He suddenly whipped his head towards her in an angry stair, making her jump back, "How could you not? You're guilty as I am."
"… I'm not an American," She deadpanned, "I'm apparently Japanese."
His eyes suddenly widen in terror, "Oh… Oh I'm so sorry that we nuked your country twice and cause so many of your kind to die and suffer for so many years."
Amy shook her head, "Listen. You need to chill out-"
"No," He insisted, "We wrong your country in so many ways."
She closed her eyes and took in a deep breath, catching herself before she could raise her voice at him. When she collected her mind, she put a hand on his shoulder.
"Okay, if this makes you feel any better," She began, "You can help me by finding Sunset Shimmer."
"Sunset Shimmer?" He asked, with his tone much lighter, "Oh, bless that girl's heart. She been helping minorities around here with healing the wounds we afflicted upon them," He slumped in his chair and put his head down, "And to think she would date me; a privileged white man."

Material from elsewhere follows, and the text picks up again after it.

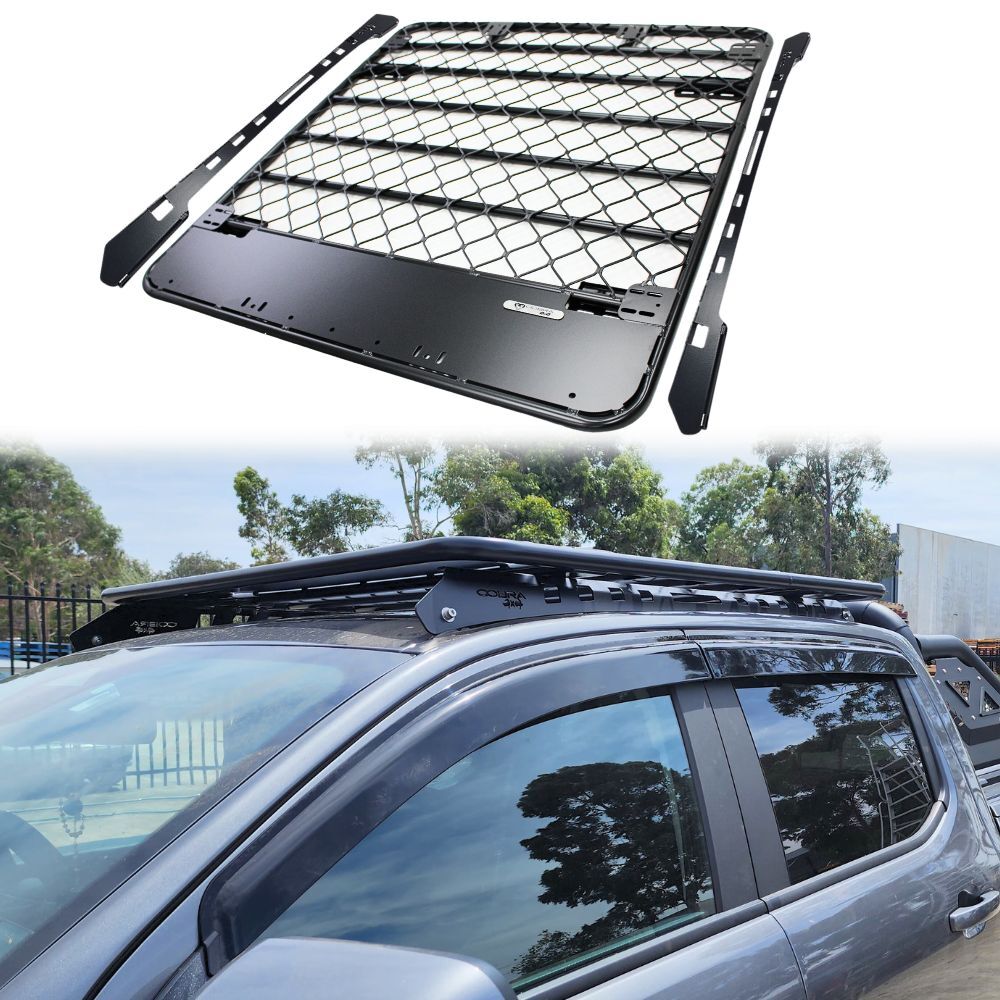 The Cobra 4x4 Aluminium Flat Mesh Roof Rack (AFM) to suit Ranger Next Gen 2022 Onwards dual cab models. Take it up a notch with the Cobra 4x4 bracket, providing a stylish alternative at a fraction of the cost, mimicking the appearance of pricier aluminum racks on the market.

She stretched her hand, "I'm Amy."
He looked at the hand nervously for a second before shaking it with his own, "Flash Sentry."
Sonic was in the thick of the crowd when the bell rang, weaving through them as he decided to check the hallways and lockers. He decided to retreat temporarily to the bathroom until the crowd clears a bit so he'll have an easier time to identify people in the crowd. It took a solid minute to clear, but once it did; he took his first steps out.
He had at least fifteen minutes before the next class starts; more than enough time to scan the building for her.
Sonic started on the first floor, and to his surprise; spotted her right away. There was a large crowd gathered, and Shimmer's red and orange hair stuck out like a sore thumb. She were in the mist of them with a large pocket of space around her, and students were surrounding her. As Sonic approached, he noticed a light Hispanic student standing before her, looking extremely nervous.
"Sunset Shimmer," He pleaded, "I must know. Am I privileged?"
The girl took one good look at him, and proceeded to draw a brown bag from her pocket. She observed him through the bag, and after a few seconds; lowered it and smiled at him.
"Nope. You are an oppressed minority."
The Hispanic threw his fists up in the air in triumph; as other Hispanics, blacks, and transgender people hugged and patted him on the back in acceptance. It was at this moment that Sunset Shimmer took notice of a blue-haired, Japanese boy curiously looking at him. Before he had time to react, she walked towards him with a friendly smile.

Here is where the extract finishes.